Now you have ADB installed! Congratulations.

*Unlocking the Bootloader:*
***NOTE***
This may perform a factory reset on your device. You might lose all applications. Even the data on your SD Card! I'd recommend making a Backup to your computer BEFORE performing this. There is a method for backing your data up, detailed HERE.

Get the drivers:
Uninstall any previously attempted drivers if they don't work and move to the next.
Option One: Steps 16-27.
Option Two: Try this one as well. Use CyanogenMod's Guide for installing ADB - Steps 16 through 27 replacing the file/location with the naked drivers.
PDAnet's drivers may work if the above options don't. Simply install PDAnet (after uninstalling any previous attempted driver installations) to get the drivers.
While that is downloading, on your Nexus 4: turn USB debugging on.
To do so; you must first go to Settings>About>Build Number and click seven times.
The actual setting can then be found in Settings>Developer Options>USB Debugging
Once the drivers are installed, navigate to the C:\android-sdk-windows\platform-tools folder on your computer.
Hold shift and right click. Select "Open Command Window Here."
On your phone: turn USB Debugging On. To do so; you must first go to Settings>About>Build Number and click seven times.
The actual setting can then be found in Settings>Developer Options>USB Debugging
Plug your phone into the computer. Now in this command window type:

adb reboot bootloader
(Hit Enter)
Your phone should now boot into a screen with a green android with his chest exposed.
Type this:

fastboot oem unlock
(Hit Enter)
If your Command Prompt displays the message "waiting for device" your driver wasn't successfully installed.
Close the Command Prompt window and open Device manager while your phone is still plugged in. (Search for it using the search option).
Right Click the "Android" option and select Update Driver. Choose to "Browse My Computer" and "Let Me Pick From A List." Pick the Driver with the newest date and install it. Now retry the code above.
Your phone will ask if you want to unlock it. Select "Yes" by using the volume keys and use power to select it.
Now, navigate to "Recovery Mode" with the volume keys. Use power to select.
A screen with another Android will pop up. Press Volume Up and Power at the same time.
Select Factory Reset. This process may take a few minutes. Be patient and let it work.
Once finished, select "Reboot."
Your phone is now unlocked!

*Obtaining Root Access and Custom Recovery:*
Turn on USB Debugging: To do so; you must first go to Settings>About>Build Number and click seven times.
The actual setting can then be found in Settings>Developer Options>USB Debugging
SuperSU (CWM .zip)
CWM (Pick the version for your device)

Place the recovery-clockwork-VERSIONNUMBER-mako.img file into your C:\android-sdk-windows\platform-tools folder.
Put the SuperSU.zip on your phone.
Open another Command Prompt if it isn't still open. (Navigate to C:\android-sdk-windows\platform-tools and shift + right click. Select "Open Command Window Here.")
With your phone plugged in type:

adb reboot bootloader
(Hit Enter)
And wait for your phone to boot into the android again.

Now type:

fastboot flash recovery IMAGENAME.img
(Change the file name to the correct file name and Hit Enter)
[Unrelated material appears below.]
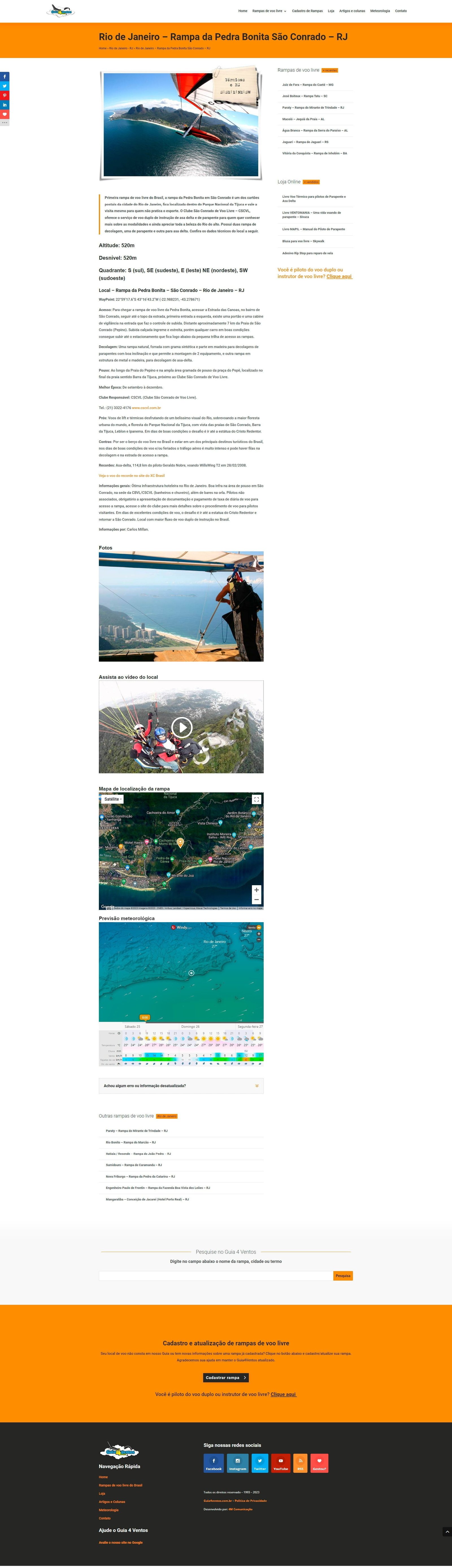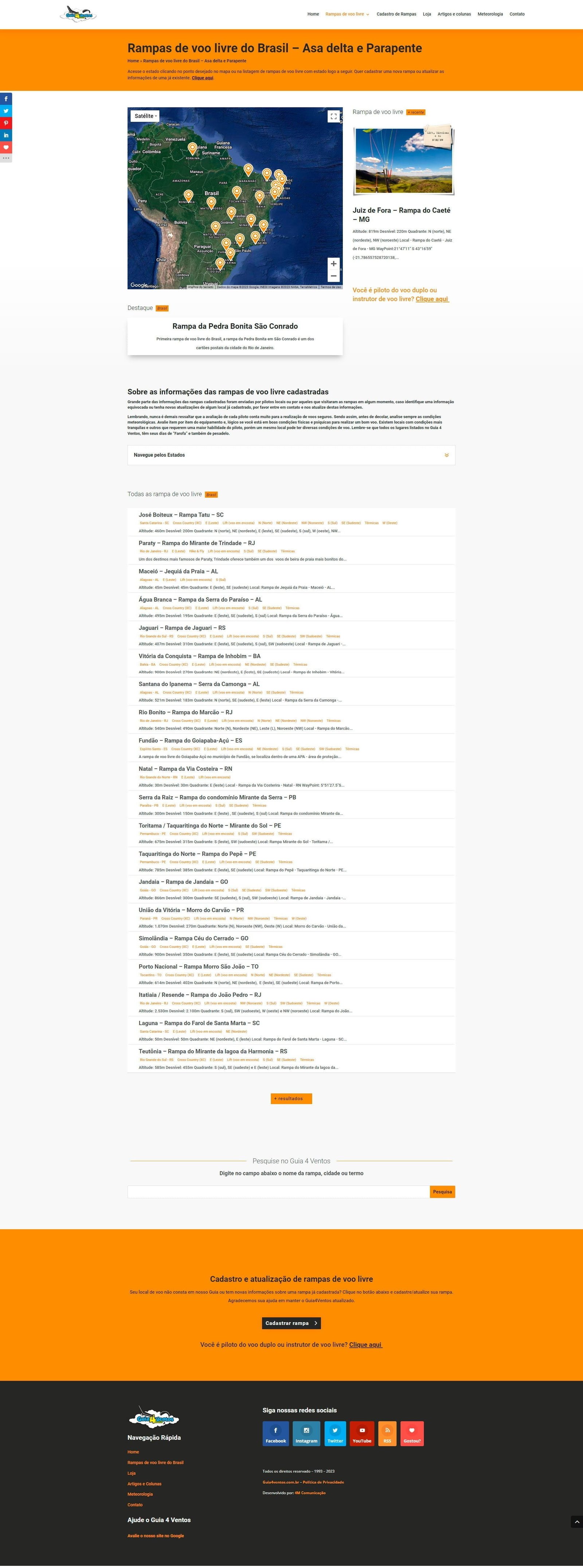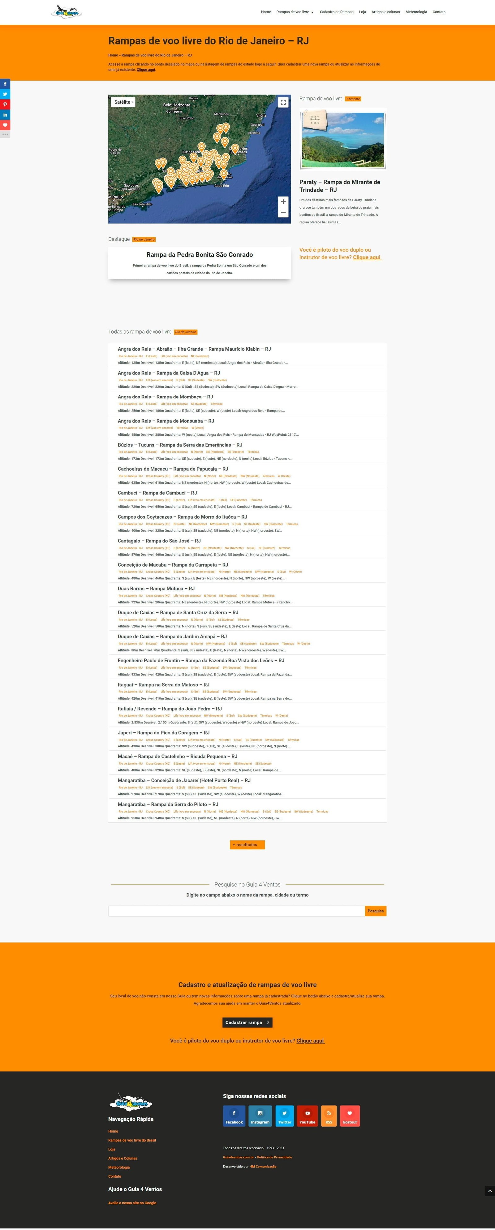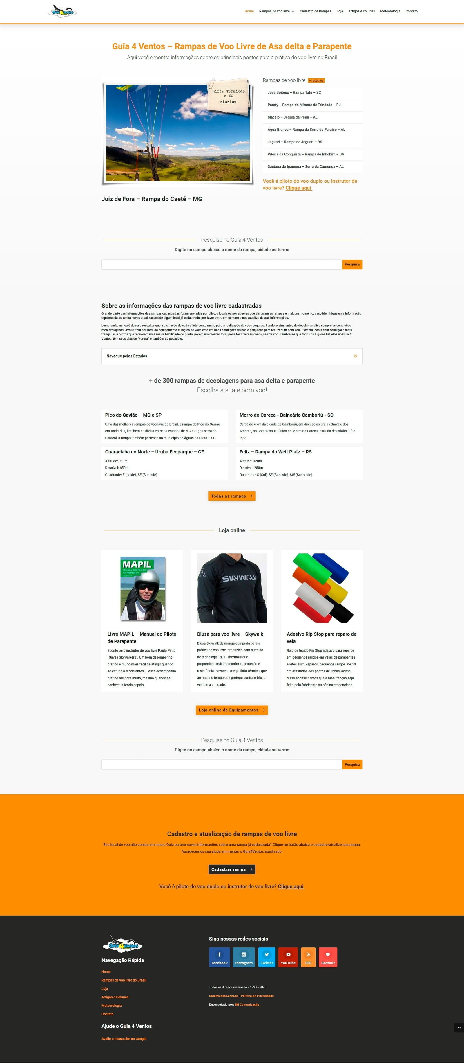 O Guia 4 Ventos é um site brasileiro que se dedica ao esporte de voo livre. Uma das principais características do site é o seu amplo cadastro de rampas de voo livre, que é considerado o maior do Brasil. Essa base de dados é atualizada constantemente pelos usuários do site, que contribuem com informações sobre as rampas e suas condições. Estamos sempre fazendo alguma atualização de layout ou de informação.

Once that is finished: select the "Recovery Mode" option again on your phone.
You should get a new recovery menu here. Select "install zip from sd card" and "choose zip from sd card."
Find the SuperSU.zip that you transferred earlier and select "Yes" to installing.
Navigate back to "Reboot" and reboot your phone.
You're now rooted!
However, ClockworkMod Recovery won't continue to load after this.
To fix this, find "Rom Manager" from the market. (The free version is fine.) Use the "Flash ClockworkMod Recovery" option.
If your recovery still doesn't stick around after a reboot, you have another couple options. Find a file explorer that allows root access, such as Root Explorer. Use this program to rename /system/etc/install-recovery.sh to /system/etc/install-recovery.bak. You'll need to mount the system as r/w to do this. Root Explorer provides a button at the top to do so.
Or, you can do this completely manually by firing up ADB again and running a few commands:

adb shell(Hit Enter)
su(Hit Enter)
mount -o remount,rw -t ext4 /dev/block/mmcblk0p1 /system(Hit Enter)
mv /system/etc/install-recovery.sh /system/etc/install-recovery.bak(Hit Enter)

Congratulations!
Your phone is now unlocked, rooted, and has a custom recovery!
Continue reading the next posts for info on getting custom roms, kernels, tweaks, and more!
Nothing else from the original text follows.